Sensible? You mean the ones who used extortion during the debt ceiling debate? You mean the ones who pushed through an astonishing 191 votes to weaken environmental protections and endanger public health??
The Tea Party: Same Old Authoritarian Conservatives With a New Label
by John Dean - former counsel to the president Nixon
The debt-ceiling debate, better described as an extortion ploy by the Tea Party-controlled Republicans of the U.S House of Representatives, has raised a question: Who, exactly, are these largely anonymous troublemakers? When I did a little digging, I realized that I know these people all too well. Indeed, I had actually written about them before they morphed into their current form. They are, in fact, both old and new authoritarian conservatives.

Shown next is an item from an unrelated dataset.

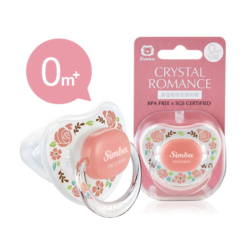 Simba Crystal Romance Pacifier Ergonomic thumb shaped pacifier that is designed for baby’s natural jaw and teeth shape. Groove design prevents saliva adhesion between lips and pacifier. Its smile curve design with round edges gives baby the ultimate comfort. Hygienic case included. BPA-free and SGS-certified material.

These authoritarians are a notoriously nasty crew. If you have not noticed, they are delighted with what is happening in Washington, the chaos they have created. Actually, they are thrilled that they have been able to turn the Nations Capital upside down, as they actively work to screw up federal government in the hope of literally destroying it.
If you look closely, it is obvious that most of these Tea Party people have no real idea about the potential consequences of their actions, and they do not care to inform themselves. These are people who will pick a fight for the sake of picking a fight, refusing to compromise about anything that conflicts with their collective agenda, just because that feels to them like the right thing to do.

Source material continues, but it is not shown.